Friday, July 11, 2014

Changing my Perspective

I've been debating writing this post because it is hard to admit the error of my ways.  However, I realize there may be many others that are in the same boat as I, so I decided this post could help somebody.

A few months back I flew with a captain who drove me crazy!  It wasn't just one thing, but a combination of many things.  Now, I usually pride myself in being able to get along with anybody, so it bugged me that I didn't enjoy flying with this captain.  I tried to get over it, but I couldn't.  I flew with him a few weeks after that, and my experience flying with him again wasn't just annoyance now, I was flustered, angry, and felt totally defeated.  Why did he treat me as if I didn't know what I was doing?  I've been flying this plane for nearly 2 years- I know what I'm doing.  That day, I left work  hoping to never fly with this captain again and was determined to bid avoid him for the rest of my first officer career.

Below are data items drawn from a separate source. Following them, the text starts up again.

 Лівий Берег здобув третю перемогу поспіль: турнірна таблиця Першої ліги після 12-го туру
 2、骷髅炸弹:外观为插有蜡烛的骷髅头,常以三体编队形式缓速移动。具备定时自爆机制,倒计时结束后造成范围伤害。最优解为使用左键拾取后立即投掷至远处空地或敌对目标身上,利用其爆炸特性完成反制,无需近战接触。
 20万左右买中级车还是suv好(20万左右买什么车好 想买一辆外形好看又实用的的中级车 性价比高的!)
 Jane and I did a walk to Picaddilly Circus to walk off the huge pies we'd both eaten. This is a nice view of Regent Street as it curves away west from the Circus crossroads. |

My plan would have worked except I didn't realize he was on my schedule again in just one weeks time, and I didn't realize this until the day before.  Oh man!  I thought of calling in sick, but that felt too dishonest, since I wasn't really sick.  I thought of dropping it, but realized there wasn't  enough reserves to do so.  I was going to be stuck flying it; there was no way out.  So I made a decision- if I was going to have to fly with him, I could love it or hate it; but I get to choose.

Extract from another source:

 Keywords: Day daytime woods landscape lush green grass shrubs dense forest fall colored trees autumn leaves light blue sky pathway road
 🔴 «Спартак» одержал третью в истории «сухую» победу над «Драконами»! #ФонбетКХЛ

I went to work that day trying to think of some great qualities about this captain.  I really had to dig deep, but I was determined to think of something.  I told myself he didn't realize how unpleasant he was to fly with, he was just trying to do his best and always take safety first.

I cannot tell you how much changing my attitude changed my perspective on how I saw this captain.  This, in turn, changed the way the entire day went.  Instead of getting annoyed at him for questioning me on everything, I told myself he just wanted to make it home to his kids each week, which made him overly-cautios.  I began treating him with kindness, and then you know what happened?!?  I began enjoying our time together.  We talked about his career aspirations, his goals, and other things that were important to him.  I began to see him as a person and a great captain.

Later that day we had a 2 hour break inbetween flights.  When I came back out to the airplane, he had done the walk around, received our clearance, and listened to ATIS for me.  He had gone out to the plane earlier than required to get those items done.  Now maybe it wasn't a big deal to him, but it was to me.  All this time I thought he was awful, when really it was me!  My initial perspective on who he was was incorrect.  This captain has quirks just like everybody else, but it was my choice to get annoyed and frustrated with them.  It was also my choice to change my attitude and find the good qualities in this captain.

Everybody has their own little quirks, and in the aviation industry especially, we have to learn how to deal with everybody's quirks.  As crews, we work in a tight environment where tension can quickly decrease  the safety of a flight.  This is just my opinion, but I think that as first officers we have to learn to be moldable and make every flying experience, no matter the captain, enjoyable.  I'm not saying we have to be fake or pretend to be somebody we aren't, but we have to figure out a way to enjoy the day and keep the flight environment safe.

You see, once I told myself that this captain was a good person, I saw him as a good person.  I still noticed the things that initially annoyed me, but I saw them as him being cautious and safe.  I've flown with him many times since, and each experience is an enjoyable one.  

Can you change your perspective?  Is there somebody you could have a better attitude about?  If there is, resolve today to find their good qualities and make each day enjoyable for you and the rest of the crew.